Radislav Latal: „Mieliśmy przed meczem duże problemy z ustawieniem, brakowało nam czterech zawodników, dlatego na ławce usiadło sporo młodych zawodników. Zapowiadał się trudny mecz, w którym musieliśmy grać trójką obrońców. Chcieliśmy grać pressingiem, to nam się udało. Strzeliliśmy bramkę i to był nasz cel. Popełnialiśmy błędy, które były spowodowane stylem naszej gry i ustawieniem. Graliśmy agresywnie i to mi się podobało. Drugą połowę zaczęliśmy od bramki, ale potem Lech grał bardzo dobrze i znaleźliśmy się pod dużą presją. Dopiero od 70. minuty to się uspokoiło, przeszliśmy na ustawienie z czterema obrońcami. To był bardzo dobry mecz, wygraliśmy go i jestem z tego bardzo szczęśliwy.”
Jan Urban: „Mecz zaczął się dość ostro, bo na samym początku mieliśmy bardzo dobrą sytuację Szymka Pawłowskiego, za chwilę Piast miał poprzeczkę, a potem straciliśmy bramkę. Była też sytuacja Karola Linettego. Wydaje mi się, że oba zespoły stworzyły dobre widowisko, było dużo sytuacji, ale Piast swoje lepiej wykorzystał i wygrał zasłużenie. Miałem wrażenie, że nawet jak byśmy grali do północy, to nie udałoby się nam nic strzelić. Żeby dzisiaj to zrobić musielibyśmy wpaść do bramki gospodarzy. Czasami są takie mecze, gdzie trudno wykorzystać swoje szanse, a gdy się tego nie robi, to trudno o pozytywny wynik. Tym bardziej z Piastem, który gra bardzo efektywnie, dużo piłek wrzuca z boku boiska, na które jego napastnicy atakują na pierwszym słupku. W drugiej połowie przy 2:0 mieli groźne kontry i różnie się to mogło skończyć.”

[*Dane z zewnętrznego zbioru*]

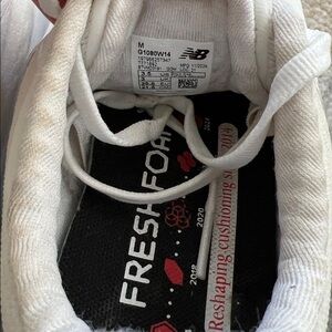 Comfortable New Balance sneakers. White exterior with black interior accents. Ideal for everyday wear.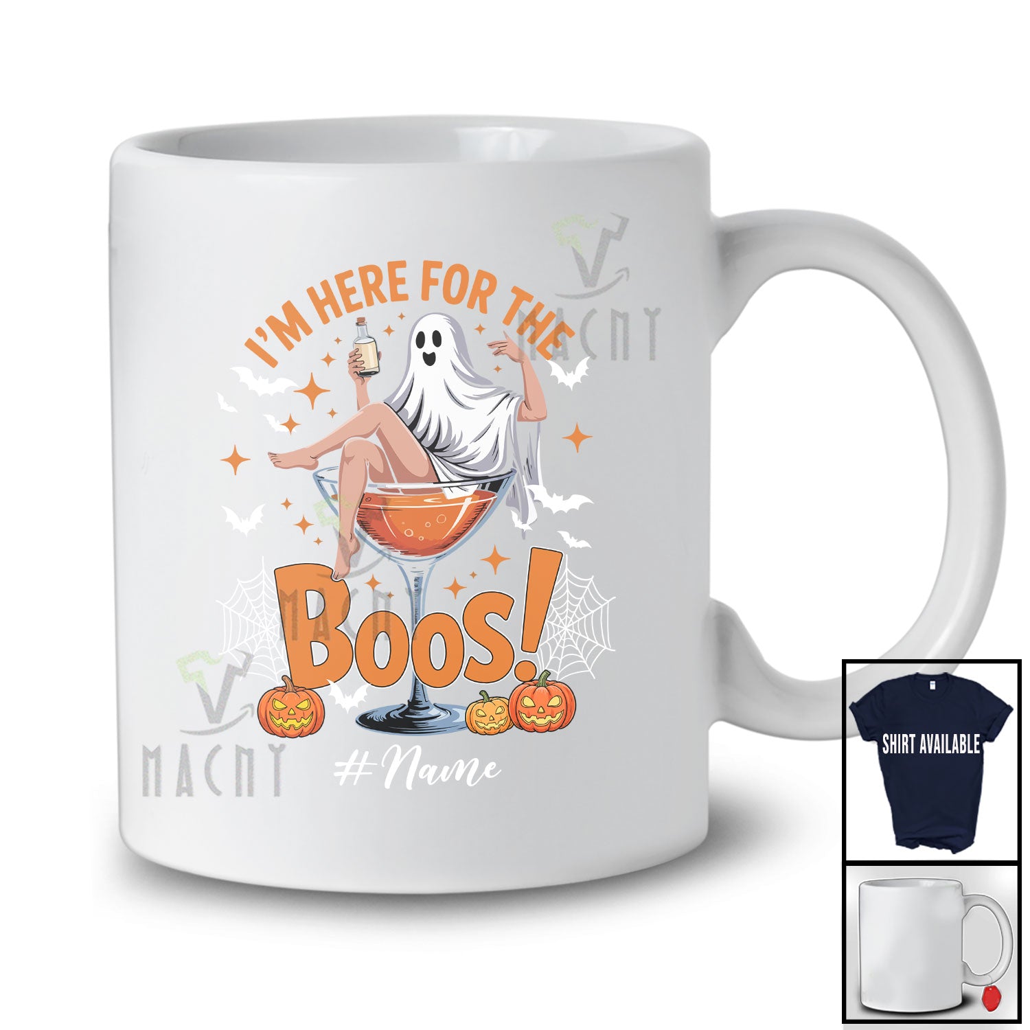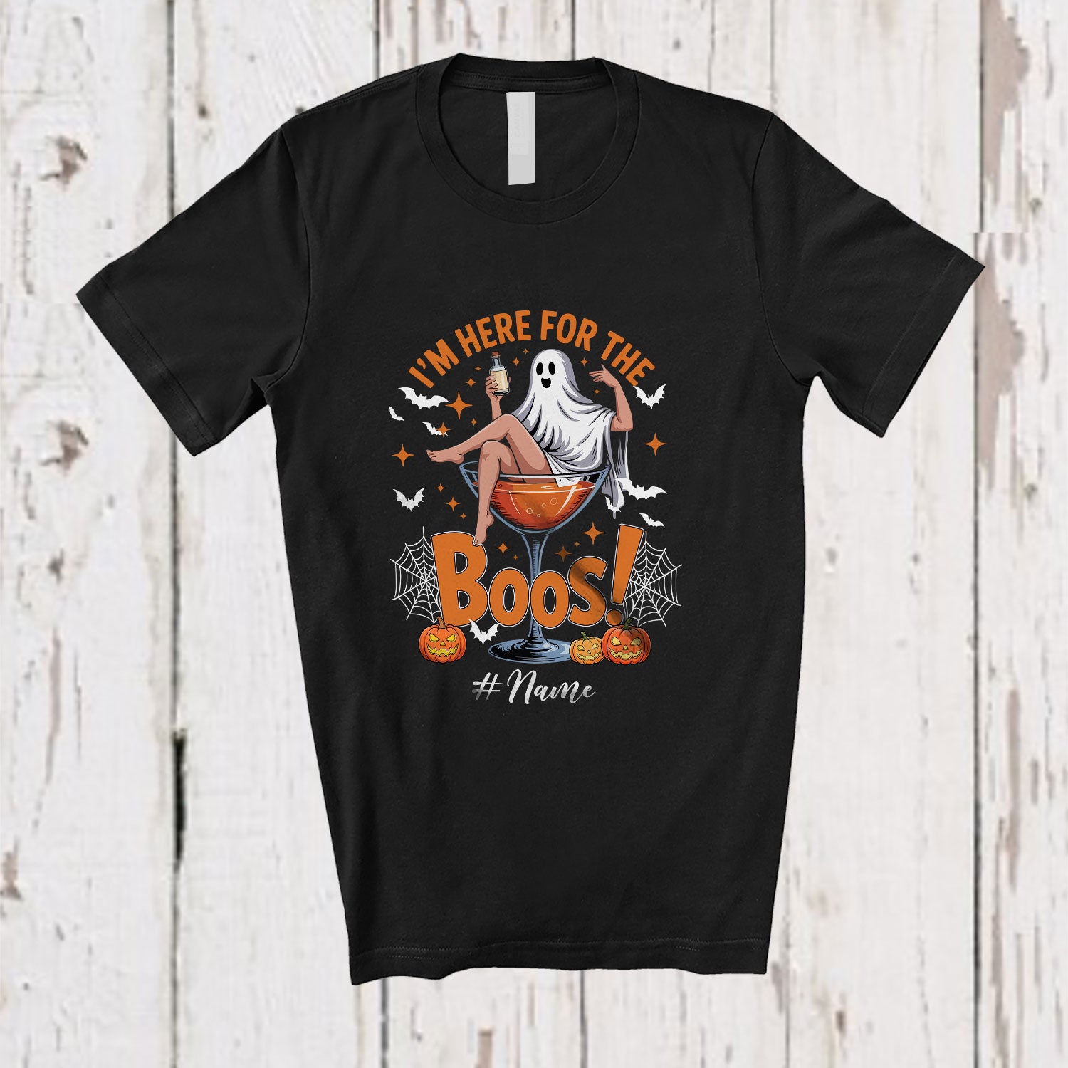 Personalized Custom Name Here For The Boos; Happy Halloween Women On Cocktail; Drinking T-Shirt. This cotton t-shirt is a durable staple product with a classic fit. One of the most popular items, it has a relaxed style made for everyday and casual wear.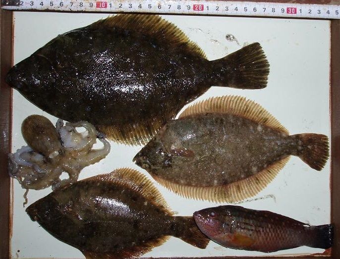 吉川釣具店です。最近は一種の魚が大漁と言う釣果は少なくなり、多種少量の五目釣りが主流になってきてます。地元の人がアジ、そして太刀魚、一文字でのガシラ、ベラを数、釣られているのが救いですかね。それでは昨日、一昨日の釣果写真です。寝屋川の原田様石ゴカイを餌に遠投でキスを釣られてます。足元が安定しない場所ですので高い所が不安な方は要注意です。京都の中川様半夜釣りでの珍しい魚が釣れました。韓国料理の「ご飯泥棒」と呼ばれるカンジャンケジャンが旨いです。吹田の西田様祖父とお孫さんの二人での久しぶりの釣行です。ポイントは須磨一文字。マムシ、青虫、シラサ、そして持参の諸々の餌を持って臨まれました。写真はありませんが夜釣りで太刀魚指3~4本 5匹アジはサビキでは早朝、夕方。出来ればトバシウキの方が数は釣れます。餌付けでの一本釣は日中でも釣れます(サシアミの餌)釣り対象魚をざっとあげますとカレイ、ガシラ、メバル、キス、ベラ、真鯛、チヌ、ヘダイ、アイナメ、セイゴ、コチ、ハゼ、アナゴ、太刀魚、カワハギ、アジ釣り方、ポイント、餌、時間帯が異なりますが本命の魚より外道の方が釣り味があり、美味しい魚が釣れますから釣りは奥深いし、魅力は尽きませんね。明日は月曜日で定休日ですので朝11時迄の営業とさせていただきます。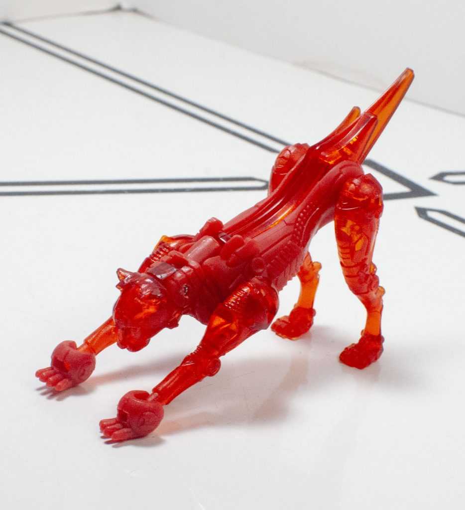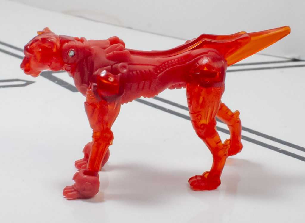 A lot of these Campaign Items tend to be clear repaints, for whatever reason, and Burning Cheetor is no exception. In fact, he’s just two colors: Clear red, and opaque red. The clear bits on his head, legs, and back are very deep, almost Cranberry-looking, while the opaque torso and feet are a bit lighter. There’s no paint on him anywhere, which is a tiny bit of a disappointment, he could have used a little something on his face to bring out the sculpt, it’s entirely washed out.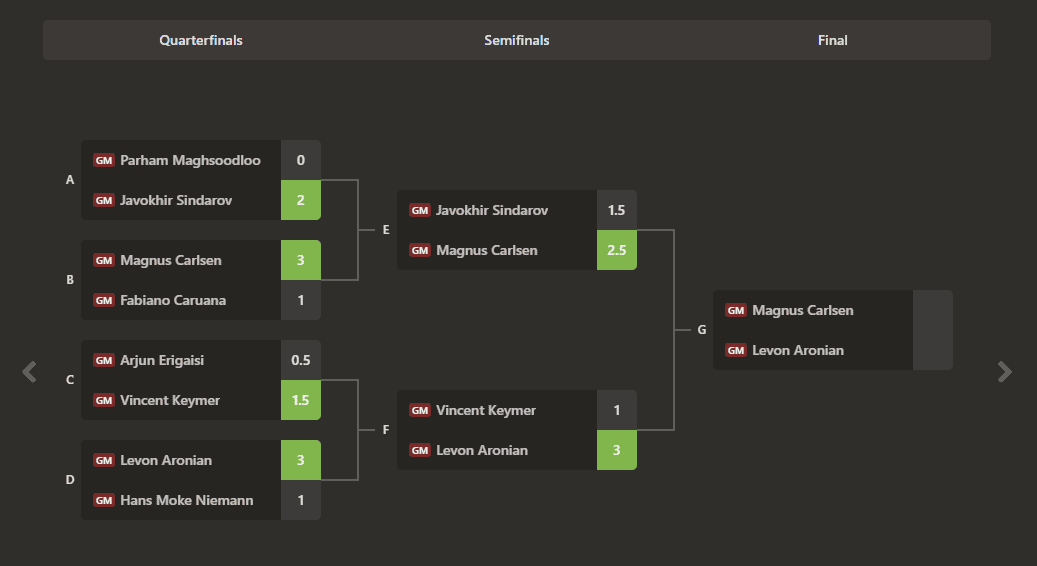 Carlsen and Aronian won the two matches in the Upper Bracket, against Sindarov and Keymer.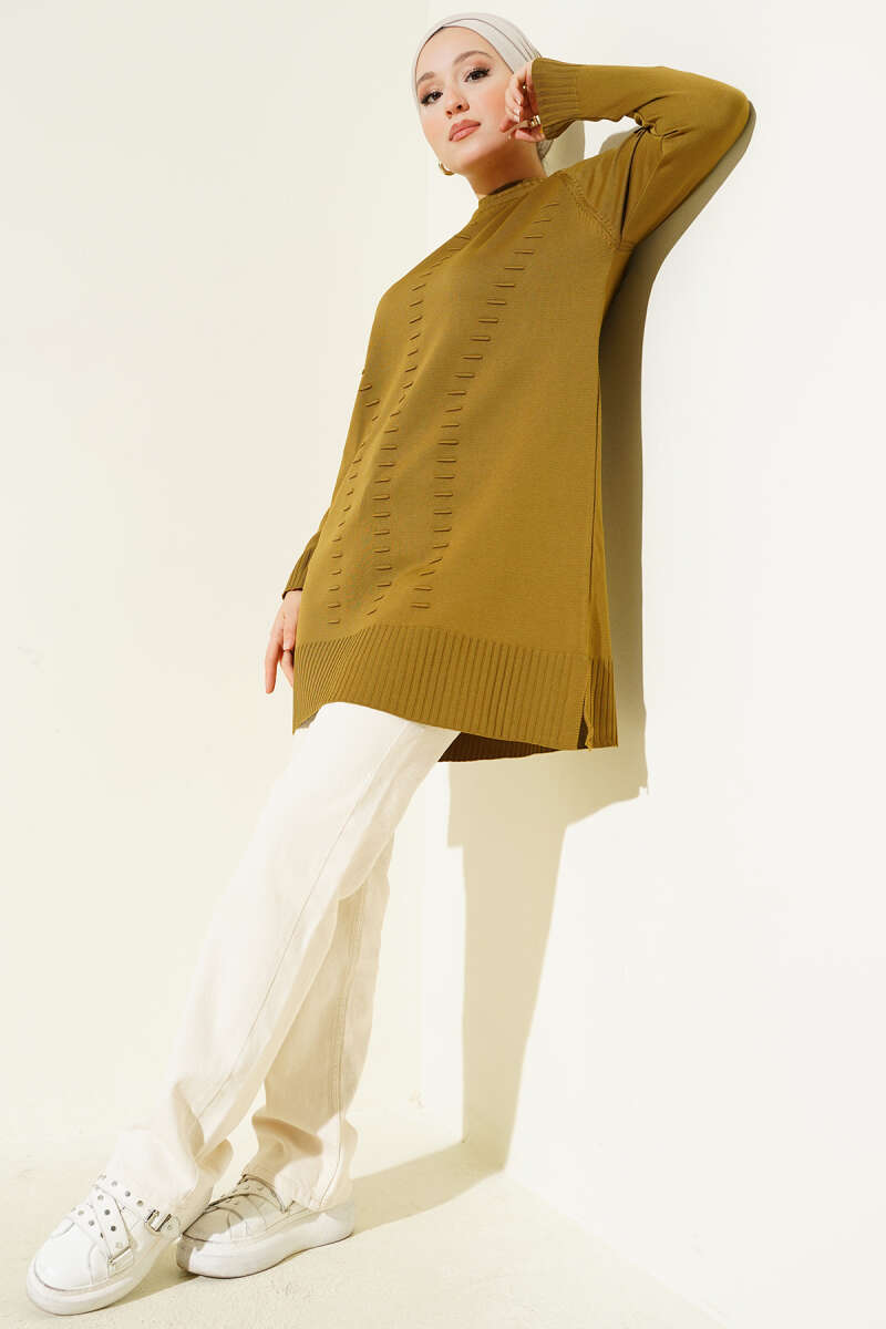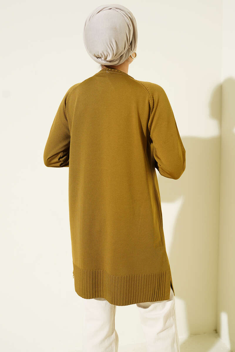 Kol Düğme Detaylı Triko Hırka Yağ Yeşili

Bartosz Szeliga: „Straciłem połowę meczów, przygotowanie fizyczne nie było takie jakie bym sobie życzył. Można było na pewno zobaczyć w niektórych spotkaniach szybkie zmiany, ale cieszę się, że zakończyłem tak sezon, a teraz tylko odpocząć i ciężej pracować. Lech miał swoje sytuacje i równie inaczej mogło się to potoczyć np. w pierwszej sytuacji jaką sobie stworzyli mogli się lepiej zachować, ale to już nie jest moja sprawa. Oni mieli swoje sytuacje – nie trafili, my je wykorzystaliśmy. W drugiej połowie Paweł Moskwik miał swoje sytuacje, ja miałem jeszcze co najmniej jedną, mogliśmy okazalej wygrać. Uros Korun też trafił w poprzeczkę z różnego, ale 2:0 również ciesz”.
Gerard Badia: „Przede wszystkim jestem bardzo zadowolony, teraz mamy pięć punktów więcej nad Legią, gramy bardzo dobrze, mamy sporo czasu na odpoczynek – po prostu piękne zakończenie roku. Potrafię się zaadaptować w każdej drużynie, nie ma to dla mnie znaczenia czy grają Polacy czy Hiszpanie. Na boisku zawsze pracuje cała drużyna. Powolutku, będzie ciężko i ten sezon jest bardzo długi, teraz mamy wakacje, a potem wracamy i spróbujemy zrobić coś wielkiego”.